- [Provided data]

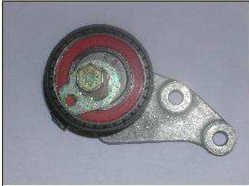
OE REF: 1039422 Szíjtárcsa átmérője: 60 mm Állítócsavar a szíjtárcsán
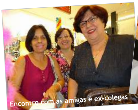
Encontro com as amigas e ex-colegas
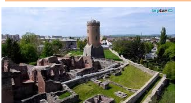
Târgoviște - Curtea Domnească a voievozilor valahi-ruinele.

Biserica Mare Domnească este ctitoria voievodului Petru Cercel, după modelul bisericii mitropoliei din oraș, însă de dimensiuni mult mai mari, fiind la data construcției, cea mai mare clădire religioasă din Țara Românească. Pictura, păstrată până în zilele noastre, este realizată integral între anii 1696-1698, în timpul domniei lui Constantin Brâncoveanu, conținând cea mai amplă galerie de portrete de domnitori munteni.
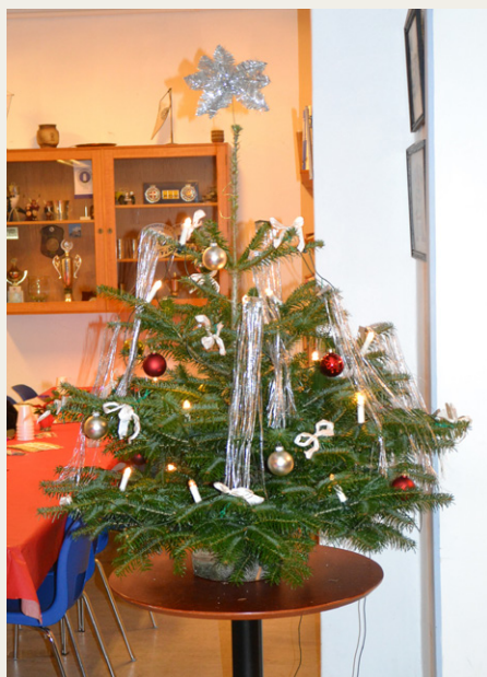
Dette fine lille juletræ var førstepræmie i det amerikanske lotteri, som blev gennemført i bankopausen.

- [About this exercise]
Please transcribe the whole listing above exactly, with the images left out.

- [The completed task]
OE REF: 1039422 Szíjtárcsa átmérője: 60 mm Állítócsavar a szíjtárcsán
Encontro com as amigas e ex-colegas
Târgoviște - Curtea Domnească a voievozilor valahi-ruinele.

Biserica Mare Domnească este ctitoria voievodului Petru Cercel, după modelul bisericii mitropoliei din oraș, însă de dimensiuni mult mai mari, fiind la data construcției, cea mai mare clădire religioasă din Țara Românească. Pictura, păstrată până în zilele noastre, este realizată integral între anii 1696-1698, în timpul domniei lui Constantin Brâncoveanu, conținând cea mai amplă galerie de portrete de domnitori munteni.
Dette fine lille juletræ var førstepræmie i det amerikanske lotteri, som blev gennemført i bankopausen.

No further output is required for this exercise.